Employers were optimistic about employment prospects in 2Q12 in Malaysia, with 10 top specialisations in current demand for employment, according to JobStreet.com. In a Job Outlook Report released by JobStreet.com, the Job Outlook Index registered 58 pts in 2Q12, which was a 3 pts rise from 55 pts in the preceding quarter. A higher index means that the industries are creating job positions ad employment and vice versa. On the hiring trend for the next 12 months, the report showed that 52% of employers were hoping to either expand or maintain their hiring rate, whilst 40% said they will be hiring less and will only be replacing employees or fill in crucial positions in the next 12 months. A handful of respondents (8%) will not be hiring anytime in the near future. (Financial Daily)

Indonesia's broad money supply (M2) in May rose 20.9% yoy, compared to 20.2% growth in Apr. (Reuters)

Bank Indonesia said the 28% yoy growth in bank credits in the first half of the year would not cause economic overheating, despite exceeding the target of 24% set in the Bank Business Plans. (Antara News)

The Obama administration cleared American companies to invest in Myanmar, a delayed but important step toward openness. (AWSJ)

China has given foreign hedge funds permission to tap its wealthy citizens inside the country for funds to invest overseas, according to people in the industry. (FT)
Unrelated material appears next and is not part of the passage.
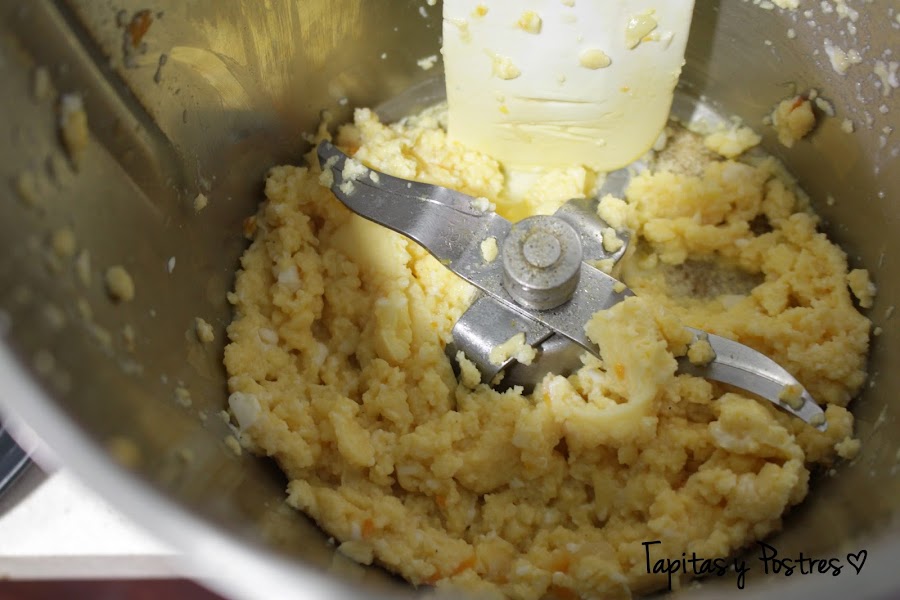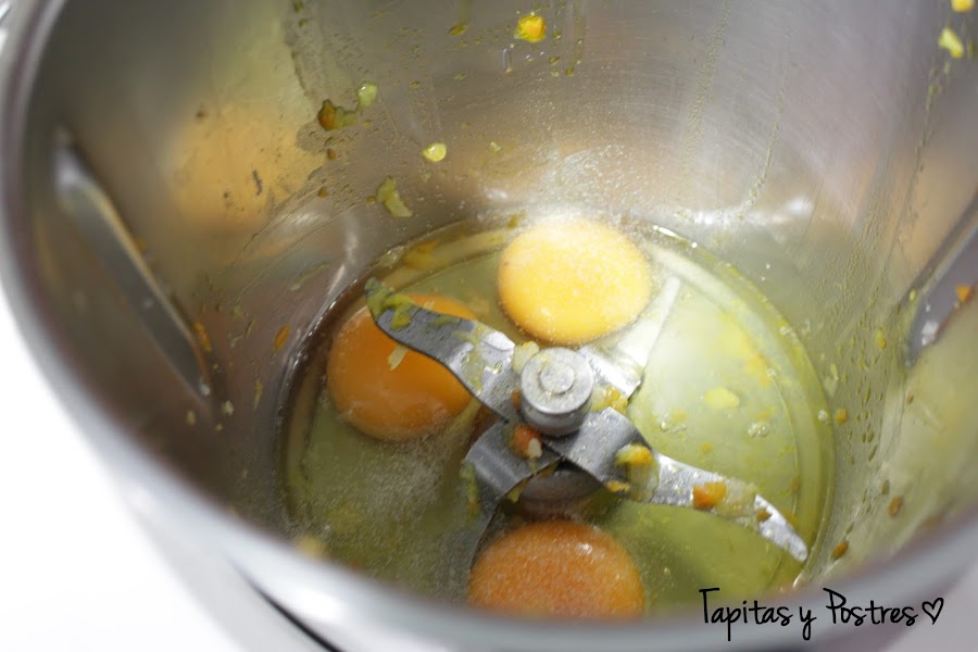 Para hacer los huevos revueltos, sin lavar el vaso, ponemos los huevos y la sal y programamos 8 minutos, varoma, velocidad 1. Cuando acabe el tiempo se programa 5 segundos en velocidad 5 y se vierte sobre el sofrito reservado.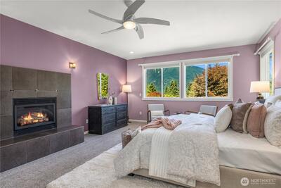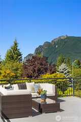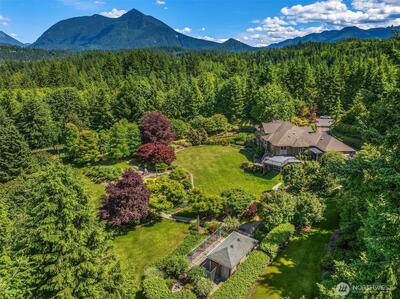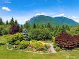 A Cascadian Haven // A rare opportunity to live immersed in the natural splendor of the Cascade foothills, this exceptional residence in North Bend’s coveted Uplands offers a lifestyle defined by space, privacy, and panoramic beauty. Set on nearly five arboretum-like acres with sweeping, unobstructed views of Mount Si, the 5,100+ square foot rambler with daylight basement captures the essence of Pacific Northwest living—where forest, mountain, and sky converge in perfect harmony. Surrounded by evergreens and curated native landscaping, the property feels worlds away, yet remains just minutes from downtown North Bend’s amenities. Thoughtfully remodeled with both elegance and functionality in mind, the home unfolds through expansive, light-filled gathering spaces designed for connection and comfort. Vaulted ceilings, walls of windows, and warm natural finishes frame the breathtaking scenery at every turn. The open-concept main living areas flow effortlessly into a beautifully appoi

China: Investment now key to stabilizing growth, says Wen
China’s Premier Wen Jiabao said promoting investment growth is the key now to stabilizing the nation’s economic expansion, signaling officials may boost spending to counter a slowdown that probably extended into a sixth quarter. “Growth-stabilizing policies include boosting consumption and diversifying exports, but currently, what is important is to promote a reasonable growth in investment,” Wen said. (Bloomberg)

Japan’s Tertiary Industry Index improved 0.7% mom in May (-0.2% in Apr), outperforming market expectations of a 0.2% increase. (Bloomberg)

Japan’s domestic corporate goods price index for Jun decreased 0.6% mom in Jun (-0.5% in May) and 1.3% yoy (-0.7% in May). (Bloomberg)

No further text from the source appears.